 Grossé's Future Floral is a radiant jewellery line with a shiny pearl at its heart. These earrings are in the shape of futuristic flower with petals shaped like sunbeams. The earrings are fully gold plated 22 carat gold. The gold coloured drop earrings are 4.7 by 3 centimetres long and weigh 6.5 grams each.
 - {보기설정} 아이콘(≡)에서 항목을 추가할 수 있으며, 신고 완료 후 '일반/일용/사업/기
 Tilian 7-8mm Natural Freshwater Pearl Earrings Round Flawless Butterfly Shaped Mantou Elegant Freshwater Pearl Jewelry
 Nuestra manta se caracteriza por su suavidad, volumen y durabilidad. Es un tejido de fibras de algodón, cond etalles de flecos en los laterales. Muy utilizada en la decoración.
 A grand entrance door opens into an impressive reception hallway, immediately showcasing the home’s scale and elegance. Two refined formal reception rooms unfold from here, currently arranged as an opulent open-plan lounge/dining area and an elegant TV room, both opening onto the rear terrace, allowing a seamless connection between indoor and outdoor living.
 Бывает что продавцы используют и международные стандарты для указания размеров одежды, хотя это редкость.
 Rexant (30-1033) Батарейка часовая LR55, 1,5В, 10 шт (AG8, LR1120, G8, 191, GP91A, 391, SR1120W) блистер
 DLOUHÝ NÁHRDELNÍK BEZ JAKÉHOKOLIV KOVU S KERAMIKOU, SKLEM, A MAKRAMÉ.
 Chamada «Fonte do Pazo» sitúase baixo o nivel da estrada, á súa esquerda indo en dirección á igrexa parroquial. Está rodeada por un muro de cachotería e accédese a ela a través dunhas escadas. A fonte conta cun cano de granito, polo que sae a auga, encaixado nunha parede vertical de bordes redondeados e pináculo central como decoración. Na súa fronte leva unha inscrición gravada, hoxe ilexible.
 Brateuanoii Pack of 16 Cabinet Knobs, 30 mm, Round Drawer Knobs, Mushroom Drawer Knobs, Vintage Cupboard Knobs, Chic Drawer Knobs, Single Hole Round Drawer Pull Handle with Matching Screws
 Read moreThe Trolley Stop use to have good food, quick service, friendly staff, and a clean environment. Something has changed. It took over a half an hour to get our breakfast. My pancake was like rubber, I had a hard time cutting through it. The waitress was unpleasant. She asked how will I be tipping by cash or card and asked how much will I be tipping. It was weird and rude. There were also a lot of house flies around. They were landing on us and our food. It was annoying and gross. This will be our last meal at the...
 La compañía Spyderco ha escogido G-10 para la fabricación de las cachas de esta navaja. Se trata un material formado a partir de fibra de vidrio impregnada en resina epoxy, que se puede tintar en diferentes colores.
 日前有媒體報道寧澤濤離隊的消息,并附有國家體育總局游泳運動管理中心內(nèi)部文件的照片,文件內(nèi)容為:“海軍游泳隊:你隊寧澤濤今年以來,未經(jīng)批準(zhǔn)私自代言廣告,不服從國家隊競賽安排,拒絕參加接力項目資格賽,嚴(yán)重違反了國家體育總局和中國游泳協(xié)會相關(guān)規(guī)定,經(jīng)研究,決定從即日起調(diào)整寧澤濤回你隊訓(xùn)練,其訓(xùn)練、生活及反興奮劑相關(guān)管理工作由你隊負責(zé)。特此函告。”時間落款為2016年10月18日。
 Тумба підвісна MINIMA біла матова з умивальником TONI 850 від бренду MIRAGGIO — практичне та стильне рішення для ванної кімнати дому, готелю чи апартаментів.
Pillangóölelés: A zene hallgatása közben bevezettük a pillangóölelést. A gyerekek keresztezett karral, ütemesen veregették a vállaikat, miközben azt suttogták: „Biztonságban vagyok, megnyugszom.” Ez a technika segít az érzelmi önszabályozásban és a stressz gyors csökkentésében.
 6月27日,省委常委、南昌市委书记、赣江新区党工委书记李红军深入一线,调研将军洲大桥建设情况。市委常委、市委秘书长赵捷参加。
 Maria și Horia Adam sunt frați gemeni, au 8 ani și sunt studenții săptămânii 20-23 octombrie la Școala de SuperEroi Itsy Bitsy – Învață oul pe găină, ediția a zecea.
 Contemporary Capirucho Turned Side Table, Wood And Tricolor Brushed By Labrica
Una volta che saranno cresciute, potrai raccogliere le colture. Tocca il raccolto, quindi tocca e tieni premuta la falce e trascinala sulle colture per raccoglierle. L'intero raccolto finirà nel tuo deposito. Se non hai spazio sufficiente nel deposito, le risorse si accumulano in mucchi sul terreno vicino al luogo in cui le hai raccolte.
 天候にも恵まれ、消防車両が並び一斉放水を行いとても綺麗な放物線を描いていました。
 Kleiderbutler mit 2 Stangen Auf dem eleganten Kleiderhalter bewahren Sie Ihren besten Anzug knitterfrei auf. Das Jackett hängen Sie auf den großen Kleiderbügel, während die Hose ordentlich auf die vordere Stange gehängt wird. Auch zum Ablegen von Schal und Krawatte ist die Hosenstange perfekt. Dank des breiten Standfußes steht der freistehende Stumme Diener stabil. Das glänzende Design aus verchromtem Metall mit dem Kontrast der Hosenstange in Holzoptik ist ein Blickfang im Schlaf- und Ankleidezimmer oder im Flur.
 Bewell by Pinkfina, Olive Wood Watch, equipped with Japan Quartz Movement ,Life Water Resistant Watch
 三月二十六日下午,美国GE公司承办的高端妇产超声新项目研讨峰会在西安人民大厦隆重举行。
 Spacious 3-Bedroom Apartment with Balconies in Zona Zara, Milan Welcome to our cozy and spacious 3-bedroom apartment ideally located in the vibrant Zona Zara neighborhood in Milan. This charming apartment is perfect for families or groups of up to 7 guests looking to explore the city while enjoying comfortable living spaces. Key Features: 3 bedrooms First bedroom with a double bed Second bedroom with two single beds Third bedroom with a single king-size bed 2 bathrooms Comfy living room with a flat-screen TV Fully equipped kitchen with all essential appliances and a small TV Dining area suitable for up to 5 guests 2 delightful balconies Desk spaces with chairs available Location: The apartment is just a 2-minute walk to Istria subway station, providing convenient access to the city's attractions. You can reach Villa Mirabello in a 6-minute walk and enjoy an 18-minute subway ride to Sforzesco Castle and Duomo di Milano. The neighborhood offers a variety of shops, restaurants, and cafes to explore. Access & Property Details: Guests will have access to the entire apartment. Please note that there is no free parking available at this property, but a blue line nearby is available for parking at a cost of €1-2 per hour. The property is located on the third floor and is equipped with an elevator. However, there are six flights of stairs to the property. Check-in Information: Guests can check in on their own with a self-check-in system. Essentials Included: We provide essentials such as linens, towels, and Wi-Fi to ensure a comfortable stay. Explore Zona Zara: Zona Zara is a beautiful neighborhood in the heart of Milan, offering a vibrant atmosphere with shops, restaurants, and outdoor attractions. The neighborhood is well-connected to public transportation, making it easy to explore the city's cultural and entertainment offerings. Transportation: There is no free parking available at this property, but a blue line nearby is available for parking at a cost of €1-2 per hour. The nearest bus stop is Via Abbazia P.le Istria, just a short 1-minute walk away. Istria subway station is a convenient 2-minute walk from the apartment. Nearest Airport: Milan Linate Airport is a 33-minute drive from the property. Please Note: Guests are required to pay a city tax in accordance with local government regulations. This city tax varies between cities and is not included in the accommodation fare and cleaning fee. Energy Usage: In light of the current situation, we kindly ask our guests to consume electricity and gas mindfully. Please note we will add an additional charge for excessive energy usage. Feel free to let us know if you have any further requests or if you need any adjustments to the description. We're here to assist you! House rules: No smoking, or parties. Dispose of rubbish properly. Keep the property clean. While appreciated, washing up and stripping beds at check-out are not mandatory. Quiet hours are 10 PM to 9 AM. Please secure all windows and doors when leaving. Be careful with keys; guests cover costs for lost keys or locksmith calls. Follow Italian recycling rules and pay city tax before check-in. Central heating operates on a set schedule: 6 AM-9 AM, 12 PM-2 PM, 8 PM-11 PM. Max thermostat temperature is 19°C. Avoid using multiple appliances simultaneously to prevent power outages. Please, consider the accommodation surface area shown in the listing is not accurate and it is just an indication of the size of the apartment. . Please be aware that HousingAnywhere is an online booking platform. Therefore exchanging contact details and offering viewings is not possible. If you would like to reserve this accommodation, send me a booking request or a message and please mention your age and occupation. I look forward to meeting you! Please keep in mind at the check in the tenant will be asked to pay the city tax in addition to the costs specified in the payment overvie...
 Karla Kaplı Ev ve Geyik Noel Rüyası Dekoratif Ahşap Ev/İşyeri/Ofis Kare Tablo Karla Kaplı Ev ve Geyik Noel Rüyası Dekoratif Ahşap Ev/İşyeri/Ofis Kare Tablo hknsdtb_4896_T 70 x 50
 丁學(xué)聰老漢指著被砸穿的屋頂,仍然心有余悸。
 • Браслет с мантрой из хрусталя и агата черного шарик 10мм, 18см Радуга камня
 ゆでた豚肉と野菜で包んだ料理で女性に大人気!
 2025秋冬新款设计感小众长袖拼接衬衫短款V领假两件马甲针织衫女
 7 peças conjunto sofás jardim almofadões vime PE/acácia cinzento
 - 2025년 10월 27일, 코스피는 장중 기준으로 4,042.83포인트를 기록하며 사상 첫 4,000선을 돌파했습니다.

★ ★ ★ ★

- [Task goal]
Write down again, exactly as given, only the lines above that fall from the line with "gravada, hoxe ilexible." to the line with "Тумба підвісна MINIMA", inclusive.

- [Your response]
 Chamada «Fonte do Pazo» sitúase baixo o nivel da estrada, á súa esquerda indo en dirección á igrexa parroquial. Está rodeada por un muro de cachotería e accédese a ela a través dunhas escadas. A fonte conta cun cano de granito, polo que sae a auga, encaixado nunha parede vertical de bordes redondeados e pináculo central como decoración. Na súa fronte leva unha inscrición gravada, hoxe ilexible.
 Brateuanoii Pack of 16 Cabinet Knobs, 30 mm, Round Drawer Knobs, Mushroom Drawer Knobs, Vintage Cupboard Knobs, Chic Drawer Knobs, Single Hole Round Drawer Pull Handle with Matching Screws
 Read moreThe Trolley Stop use to have good food, quick service, friendly staff, and a clean environment. Something has changed. It took over a half an hour to get our breakfast. My pancake was like rubber, I had a hard time cutting through it. The waitress was unpleasant. She asked how will I be tipping by cash or card and asked how much will I be tipping. It was weird and rude. There were also a lot of house flies around. They were landing on us and our food. It was annoying and gross. This will be our last meal at the...
 La compañía Spyderco ha escogido G-10 para la fabricación de las cachas de esta navaja. Se trata un material formado a partir de fibra de vidrio impregnada en resina epoxy, que se puede tintar en diferentes colores.
 日前有媒體報道寧澤濤離隊的消息,并附有國家體育總局游泳運動管理中心內(nèi)部文件的照片,文件內(nèi)容為:“海軍游泳隊:你隊寧澤濤今年以來,未經(jīng)批準(zhǔn)私自代言廣告,不服從國家隊競賽安排,拒絕參加接力項目資格賽,嚴(yán)重違反了國家體育總局和中國游泳協(xié)會相關(guān)規(guī)定,經(jīng)研究,決定從即日起調(diào)整寧澤濤回你隊訓(xùn)練,其訓(xùn)練、生活及反興奮劑相關(guān)管理工作由你隊負責(zé)。特此函告。”時間落款為2016年10月18日。
 Тумба підвісна MINIMA біла матова з умивальником TONI 850 від бренду MIRAGGIO — практичне та стильне рішення для ванної кімнати дому, готелю чи апартаментів.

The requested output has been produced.